Work item: All lines below starting at the one that holds "12 Vine Street, Taperoo" and ending at the one that holds "Branded Club Equipment" should be printed exactly, ends included. Pictures should not be printed, nor anything else.
*** Opening of Information shown ***
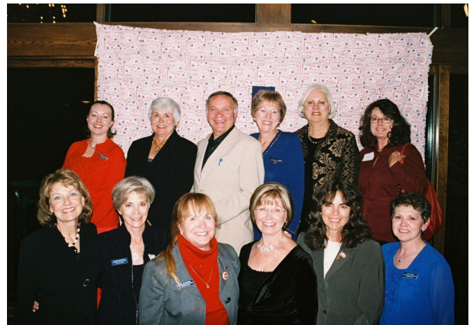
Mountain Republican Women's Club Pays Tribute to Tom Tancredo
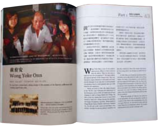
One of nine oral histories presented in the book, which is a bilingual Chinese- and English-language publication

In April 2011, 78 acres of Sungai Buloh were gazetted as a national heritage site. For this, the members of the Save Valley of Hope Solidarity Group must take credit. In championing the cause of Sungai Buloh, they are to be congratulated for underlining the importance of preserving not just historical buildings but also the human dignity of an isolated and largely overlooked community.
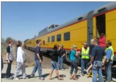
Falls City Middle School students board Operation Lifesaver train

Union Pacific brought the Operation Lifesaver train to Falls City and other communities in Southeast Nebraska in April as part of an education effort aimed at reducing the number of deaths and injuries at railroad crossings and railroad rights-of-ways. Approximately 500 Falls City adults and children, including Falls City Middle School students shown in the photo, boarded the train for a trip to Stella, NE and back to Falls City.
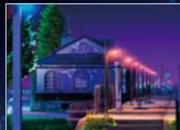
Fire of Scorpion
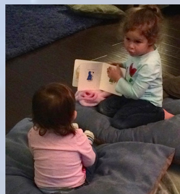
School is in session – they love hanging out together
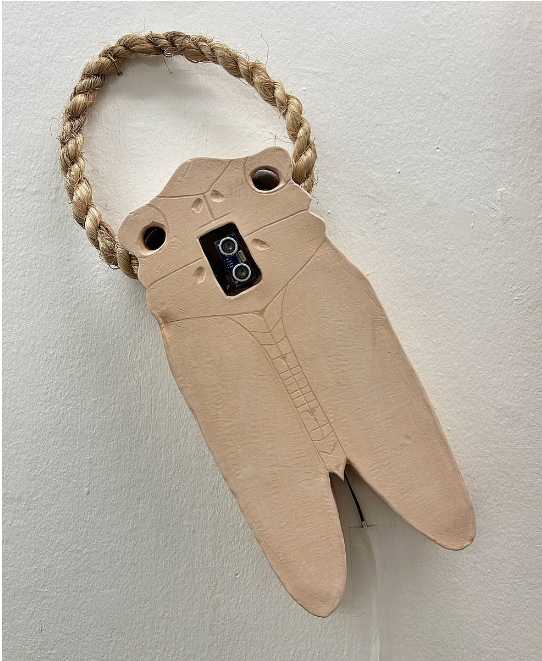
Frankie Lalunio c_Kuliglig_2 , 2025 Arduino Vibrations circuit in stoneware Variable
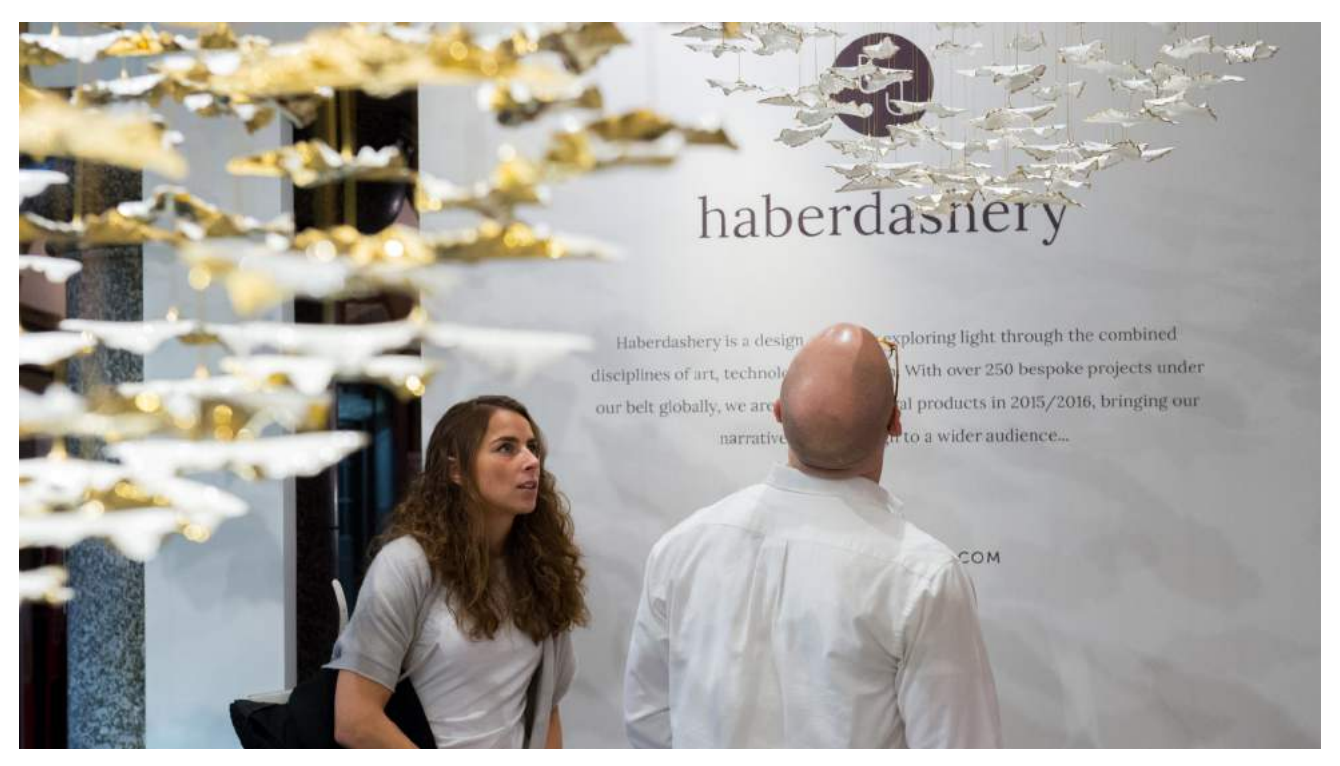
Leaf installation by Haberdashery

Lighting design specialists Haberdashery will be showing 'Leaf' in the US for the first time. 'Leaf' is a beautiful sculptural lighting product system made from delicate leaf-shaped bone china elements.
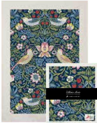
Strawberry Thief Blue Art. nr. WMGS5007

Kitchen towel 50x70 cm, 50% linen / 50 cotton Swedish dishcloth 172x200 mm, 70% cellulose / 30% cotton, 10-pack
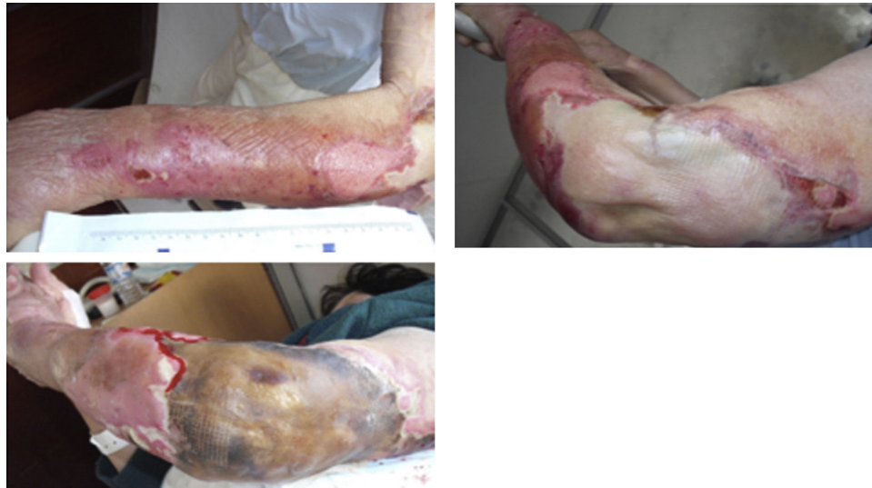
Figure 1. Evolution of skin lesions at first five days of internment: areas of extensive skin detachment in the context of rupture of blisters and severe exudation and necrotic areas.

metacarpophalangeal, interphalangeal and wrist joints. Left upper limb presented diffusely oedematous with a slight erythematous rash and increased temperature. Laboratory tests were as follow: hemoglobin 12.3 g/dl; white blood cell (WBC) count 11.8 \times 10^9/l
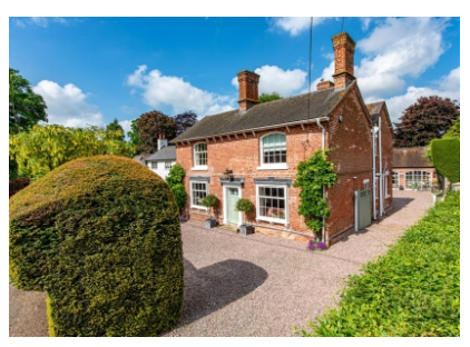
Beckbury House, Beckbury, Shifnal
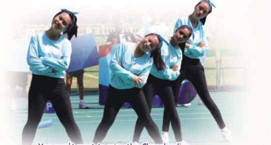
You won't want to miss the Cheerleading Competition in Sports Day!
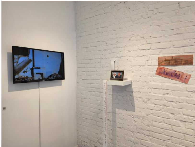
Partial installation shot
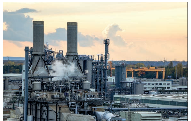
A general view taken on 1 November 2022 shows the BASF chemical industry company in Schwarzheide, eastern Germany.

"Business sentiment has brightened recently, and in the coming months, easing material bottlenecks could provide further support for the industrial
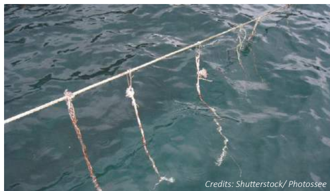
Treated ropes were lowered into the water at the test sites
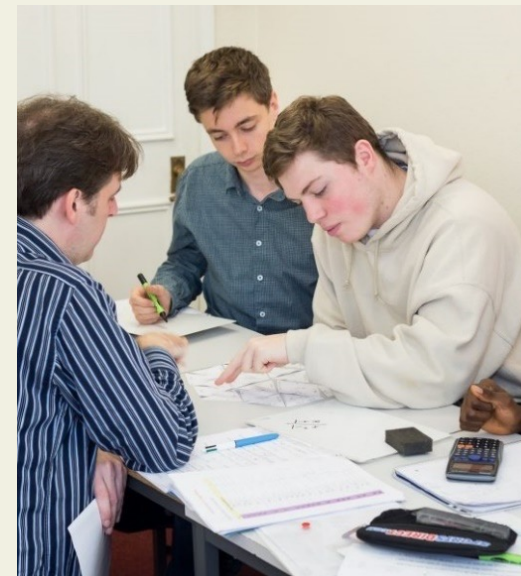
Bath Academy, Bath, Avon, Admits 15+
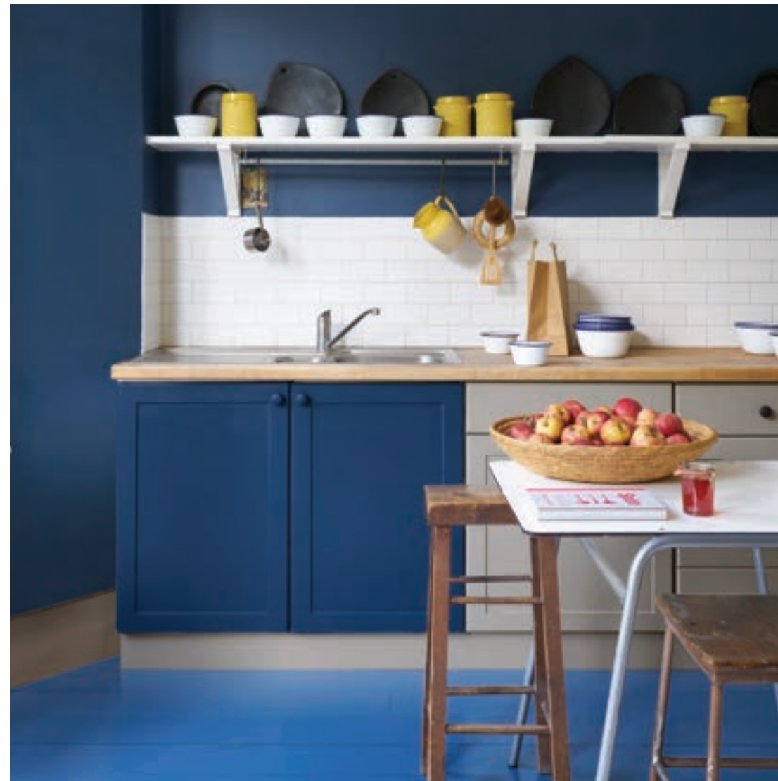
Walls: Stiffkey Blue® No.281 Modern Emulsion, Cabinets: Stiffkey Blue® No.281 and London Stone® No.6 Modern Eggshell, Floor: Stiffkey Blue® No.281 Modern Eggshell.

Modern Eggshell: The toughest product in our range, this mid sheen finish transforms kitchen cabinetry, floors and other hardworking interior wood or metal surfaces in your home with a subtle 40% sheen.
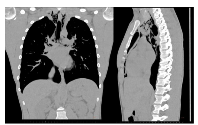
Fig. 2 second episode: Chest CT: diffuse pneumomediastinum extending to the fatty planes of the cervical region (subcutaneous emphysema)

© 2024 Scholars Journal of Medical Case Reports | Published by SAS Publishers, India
*** Close of Information shown ***
*** Opening of Information shown ***
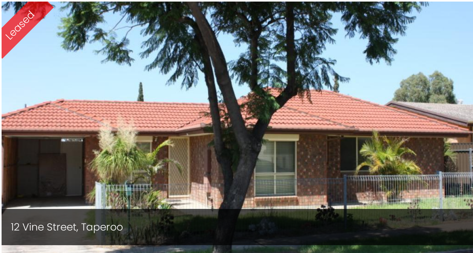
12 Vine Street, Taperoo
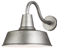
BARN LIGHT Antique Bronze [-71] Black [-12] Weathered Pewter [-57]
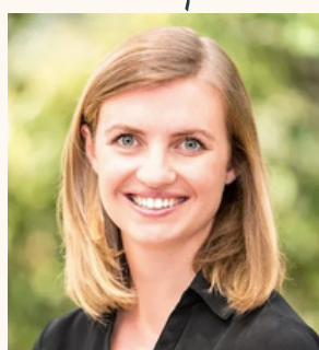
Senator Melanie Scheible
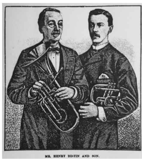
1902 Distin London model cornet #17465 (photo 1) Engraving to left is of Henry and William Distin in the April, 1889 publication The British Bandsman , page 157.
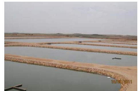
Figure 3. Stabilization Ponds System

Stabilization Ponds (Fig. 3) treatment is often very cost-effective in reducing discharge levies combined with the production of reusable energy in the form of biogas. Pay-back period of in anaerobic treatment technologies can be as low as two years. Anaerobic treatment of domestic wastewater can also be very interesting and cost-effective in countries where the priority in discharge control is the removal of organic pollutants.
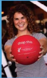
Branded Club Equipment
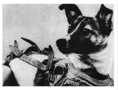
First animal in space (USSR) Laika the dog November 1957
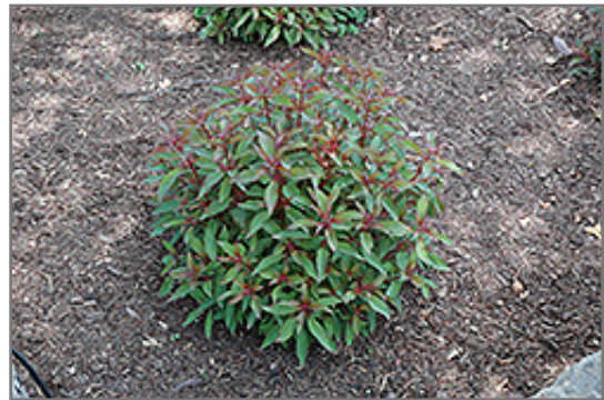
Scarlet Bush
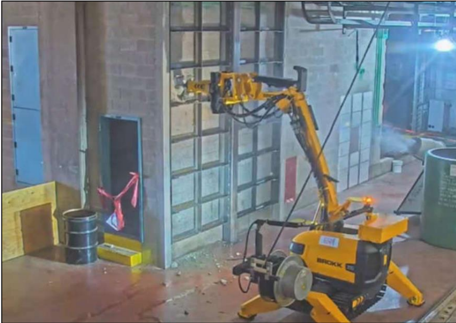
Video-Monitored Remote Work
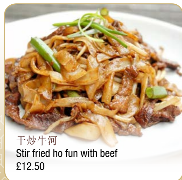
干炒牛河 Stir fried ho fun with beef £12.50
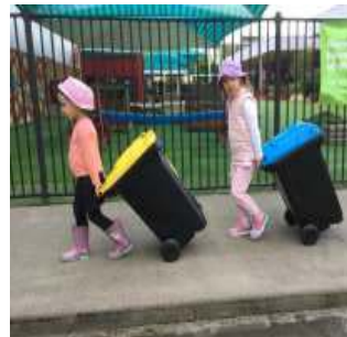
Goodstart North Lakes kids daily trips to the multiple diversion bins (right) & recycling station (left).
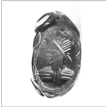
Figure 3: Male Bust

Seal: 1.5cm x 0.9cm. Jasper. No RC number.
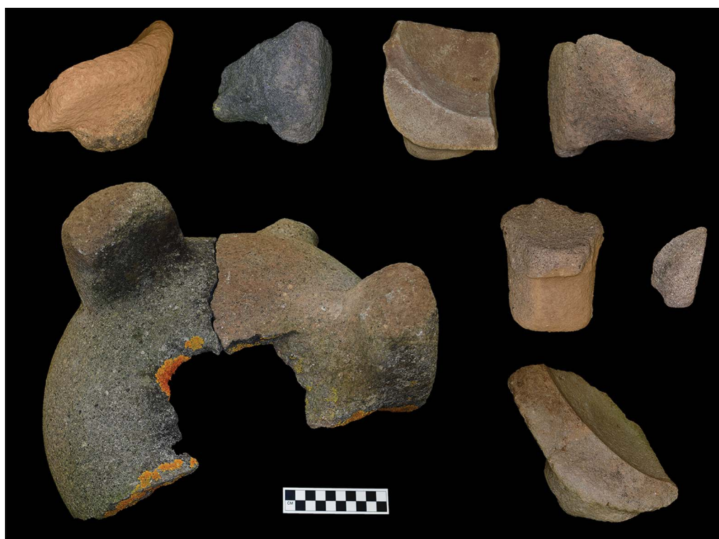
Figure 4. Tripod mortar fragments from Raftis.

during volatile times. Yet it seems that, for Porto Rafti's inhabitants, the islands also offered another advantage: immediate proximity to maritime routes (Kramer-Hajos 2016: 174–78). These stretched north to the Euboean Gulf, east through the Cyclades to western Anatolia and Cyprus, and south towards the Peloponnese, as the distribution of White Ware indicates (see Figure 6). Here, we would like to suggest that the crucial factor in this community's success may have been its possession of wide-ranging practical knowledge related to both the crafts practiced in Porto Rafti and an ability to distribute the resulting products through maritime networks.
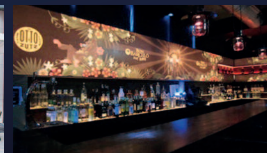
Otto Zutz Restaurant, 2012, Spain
*** Close of Information shown ***
Response to this task:
12 Vine Street, Taperoo
BARN LIGHT Antique Bronze [-71] Black [-12] Weathered Pewter [-57]
Senator Melanie Scheible
1902 Distin London model cornet #17465 (photo 1) Engraving to left is of Henry and William Distin in the April, 1889 publication The British Bandsman , page 157.
Figure 3. Stabilization Ponds System

Stabilization Ponds (Fig. 3) treatment is often very cost-effective in reducing discharge levies combined with the production of reusable energy in the form of biogas. Pay-back period of in anaerobic treatment technologies can be as low as two years. Anaerobic treatment of domestic wastewater can also be very interesting and cost-effective in countries where the priority in discharge control is the removal of organic pollutants.
Branded Club Equipment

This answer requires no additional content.